2 A Typology of Social Control
3 Informal Control
4 Medical Control
5 Legal Control
PART II CASE STUDIES IN SOCIAL CONTROL
6 Informal Control: Housing Segregation, the Code of the Street, and Emerging Adulthood and Morality
7 Medical Control: Selective Mutism, Autism, and Violence as a Disease
8 Legal Control: Racial Profiling, Hate Crimes, and the Imprisonment Binge
9 Terrorism and Social Control
10 Conclusion: The Future of Social Control
Notes
References
Preface and Acknowledgments
While swimming in a pool in the jungle of Nool, Horton the elephant heard a small voice. Kangaroo is the matriarch of the tight and well-maintained social order of Nool. She is depicted as straight-laced and traditional, dripping with conservative "family values." For example, she proudly proclaims that her son, Rudy, is "pouch-schooled."

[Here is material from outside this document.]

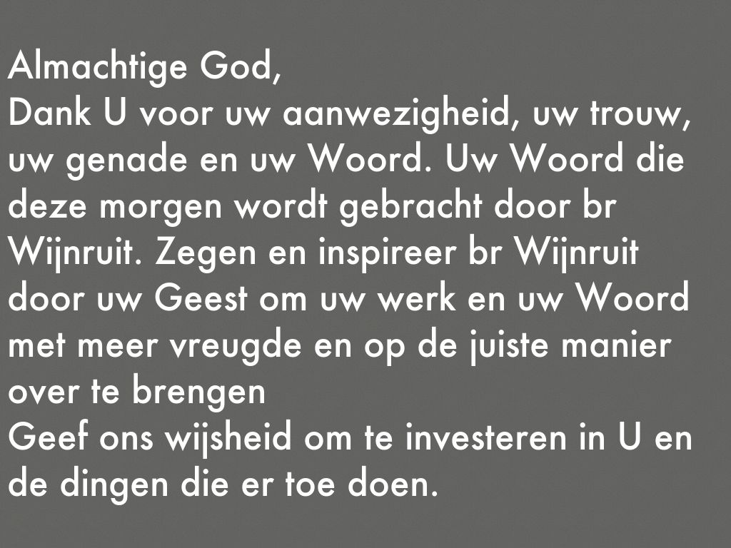 Dank U voor uw aanwezigheid, uw trouw, uw genade en uw Woord. Uw Woord die deze morgen wordt gebracht door br Wijnruit. Zegen en inspireer br Wijnruit door uw Geest om uw werk en uw Woord met meer vreugde en op de juiste manier over te brengen
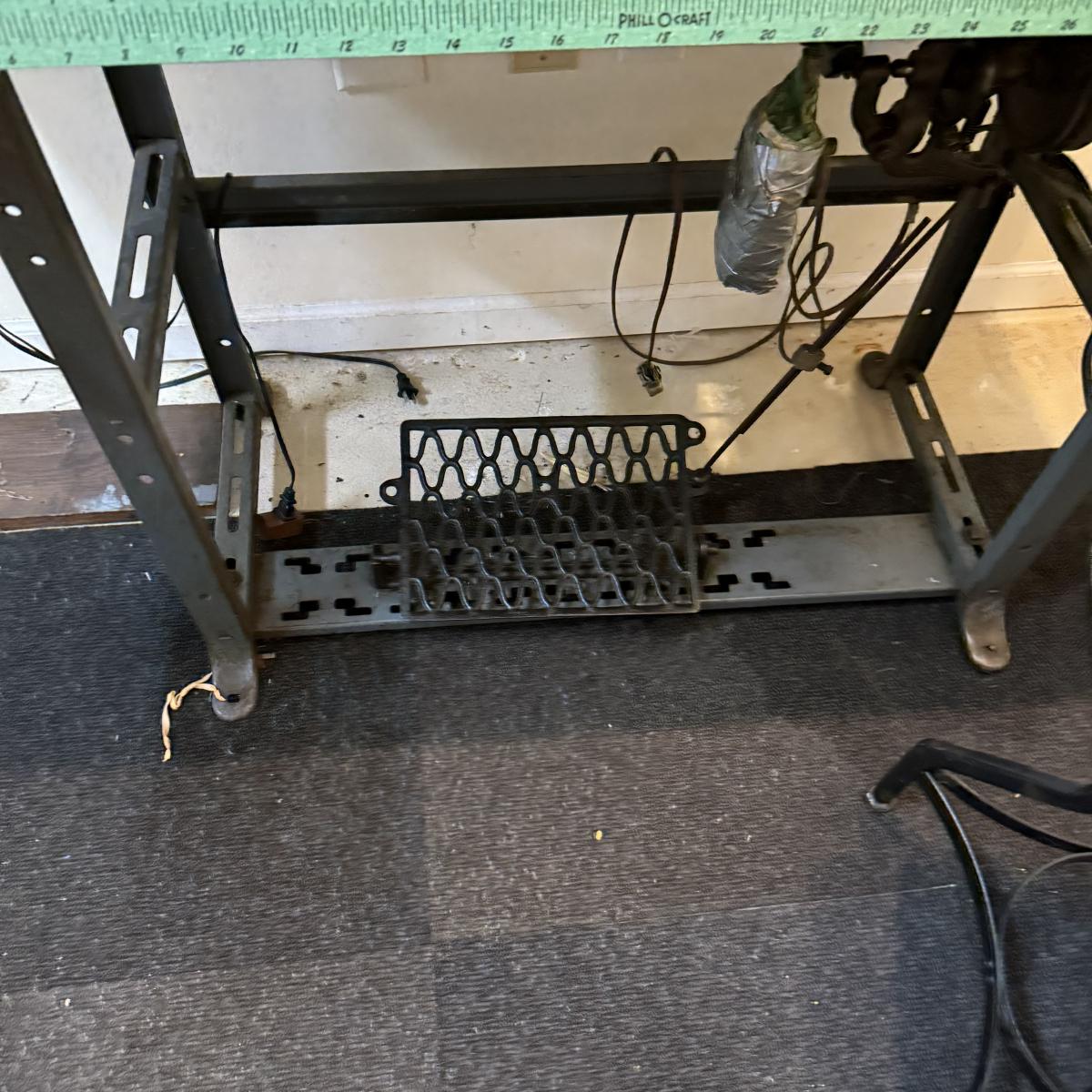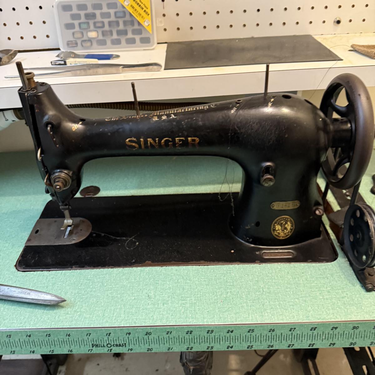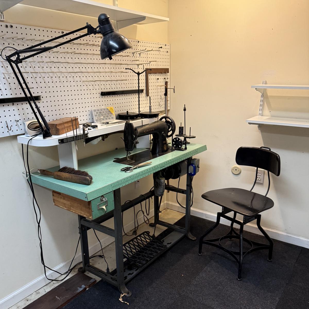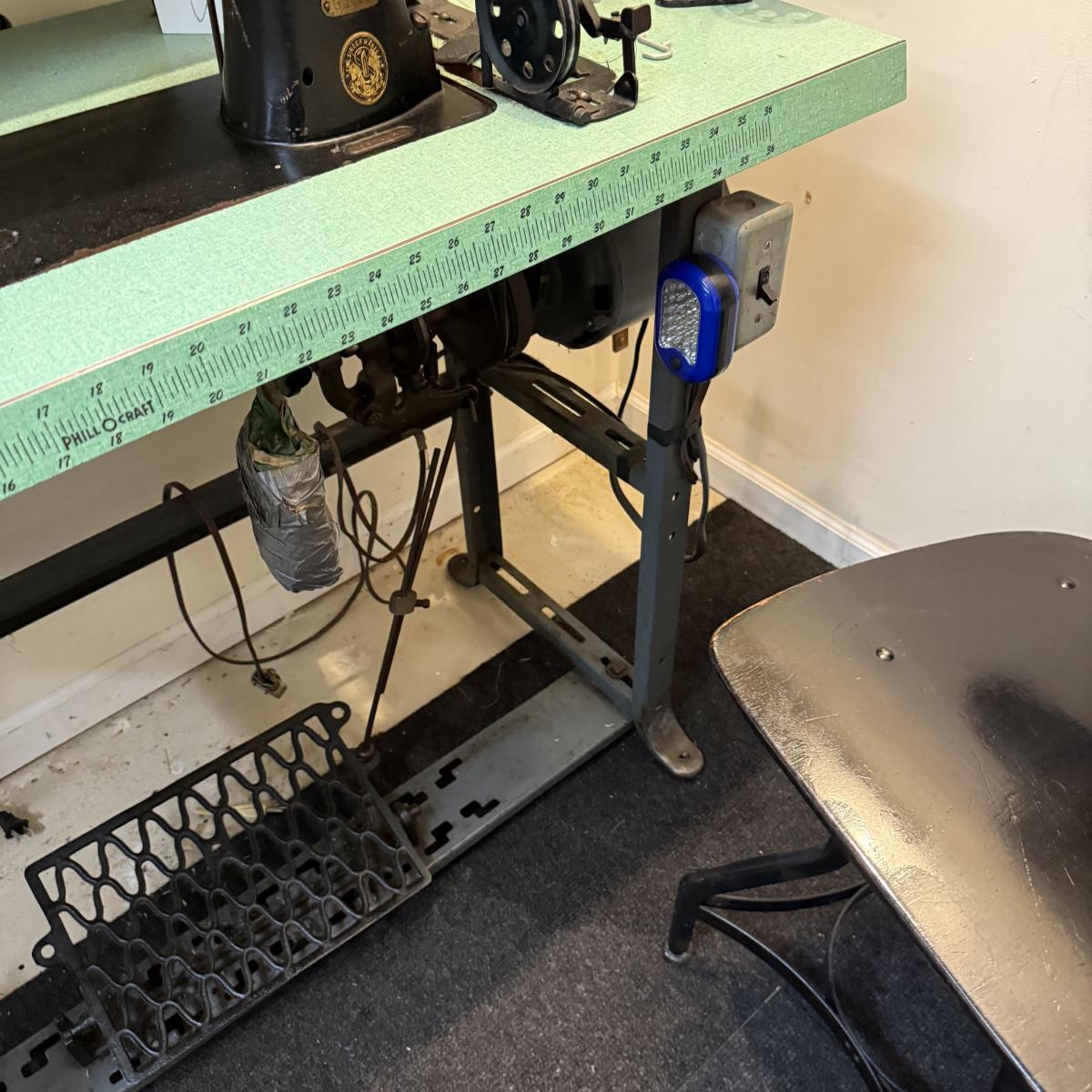 LOT 32: Taylor’s Corner Includes Vintage Singer Sewing Machine and Table Shelf with Light, Chair, Spool/ Tread Holder, Bobbins, and Many More Sewing Must Haves

Horton is viewed by Kangaroo as far more than simply eccentric - in fact, he's downright dangerous - for holding to and spreading his ridiculous belief that he heard a voice coming from a small speck on a clover. Horton insists there are people living on that speck, and he goes about protecting it with every fiber in his being. Kangaroo casts Horton as a weirdo and possibly deranged, certainly a destabilizing influence in Nool. She says, "If you can't see it, feel it, or hear it, it doesn't exist." In no uncertain terms, these sorts of beliefs will not be tolerated in the jungle of Nool. Horton says in his defense, "A person's a person, no matter how small."
As Horton continues to maintain that the speck has life on it, which is his duty to protect and preserve, the dour Kangaroo makes a public case against Horton that he is deranged and deserves to be punished. Most of the jungle caves in to Kangaroo's view, and Horton is successfully made a pariah (except for a few close allies). Being deemed deserving of scorn and ridicule, Horton is harassed and treated shabbily almost until the end of the story.
This is the film adaptation of the classic Dr. Seuss children's book, Horton Hears a Who!, but it has profound implications for social control.1 After being immersed in the study of social control and having committed a good deal of effort grappling with it through these three editions of the book, I am not sure at all if the scholarly writings - and they are voluminous, as attested to by the bibliography - are much better on the subject than this simple, elegant Dr. Seuss tale. I believe that the further you get pulled into deviance and social control, you start realizing it is something akin to a bottomless pit and there is really no way out. There are no happy endings here. Horton did okay by the end of the story because, well, fairy tales are supposed to be uplifting for young and curious minds just starting on their long trek into the heart of the social system. But the stark reality is that this is really dismal stuff, and it will keep getting much worse before getting better, if it ever does.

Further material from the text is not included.